Son 30 yılını bir film şeridi gibi gözümün önüne getirdiğimde Antalya’nın ciddi anlamda yeşil dokusunu kaybettiğini söyleyebilirim.
Elbette bir deniz şehri olan, tarihi dokusuyla ön plana çıkan, 649 kilometre sahil şeridi ve güneşi olan Antalya’nın hızlı bir göç dalgasına maruz kalacağı belliydi.
Üstelik bir de turizm kimliğiyle çok daha fazla doğal doku tahribatı yaşayacağı tahmin ediliyordu.
Tahminlerin de üstünde hızlı bir şekilde nüfusu artan ve birer birer sembollerini kaybeden bir kent görüntüsü var şimdilerde…
Kötü bir planlama ile ve geleceğe göre hareket edilmeden, geleceğe göre kararlar alınmadan bu şehirde planlama sağlıklı bir şekilde gerçekleştirilmedi.
Rant olgusu maalesef çok katlı yapılaşmayı tetikledi.
Şimdi çok geç de olsa şöyle bir soru aklıma takılıp duruyor. Tarım alanları daralan, yeşil dokusu her geçen gün beton bloklara “yenilen” Antalya’da kaybettiğimiz semboller neden cadde ve bulvarlarda yaşatılmıyor?
Her geçen gün biraz daha betonlaşan Antalya’da narenciye ağaçlarına özlem giderek artarken, ilgili belediyelerin ağaçlandırma seferberliği başlatması çok mu zor?
Hızla sembollerinden uzaklaşan Antalya’da cadde ve bulvarlara neden yeterli sayıda narenciye ağaçları dikilmiyor?
Bu konu ile ilgili olarak aslında Muratpaşa, Konyaaltı ve Kepez ilçelerimiz çok uygun olmasına rağmen portakal ağacı ile çevrili alanların en az olduğu bölgeler maalesef Muratpaşa ve Kepez bölgesi…
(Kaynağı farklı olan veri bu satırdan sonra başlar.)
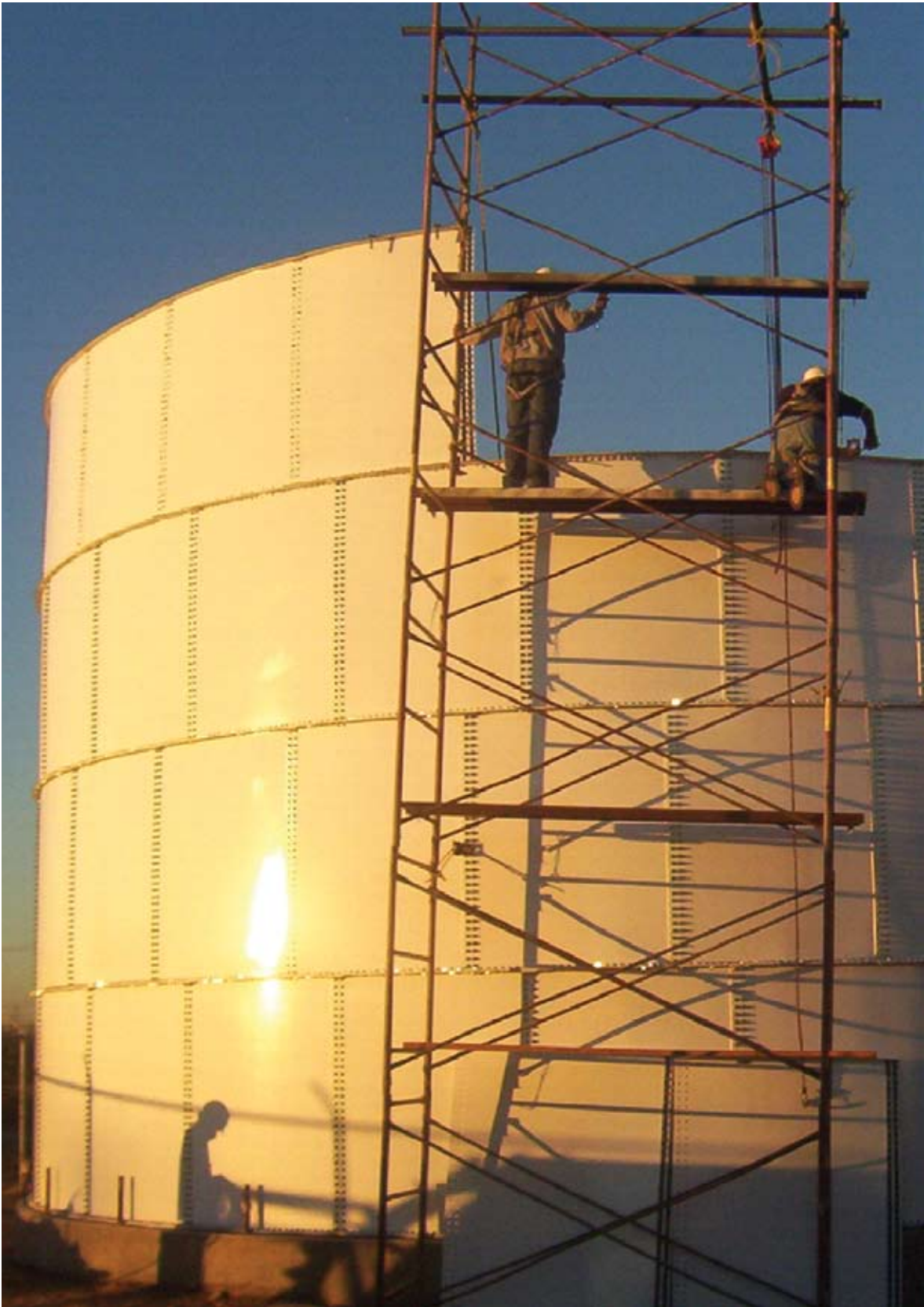
Aeropuerto de Tijuana, Baja California, Modernización del sistema contra incendios en la estación de combustible

Sadece kent merkezindeki birkaç cadde ve bulvarda değil tüm ilçelerde cadde ve bulvarların portakal ağaçları ile donatılmalı.
Anımsarsanız Antalya’nın bir zamanlar sembolü narenciye ağaçlarıydı. Plansız ve çarpık yapılaşma yüzünden portakal ağaçları yok edildi.
Şimdi bazı caddelerde göstermelik ağaçlar dikilerek bu özlem giderilmeye çalışılıyor.
Şehrin tamamında bu yönde bir seferberlik başlatılmalı.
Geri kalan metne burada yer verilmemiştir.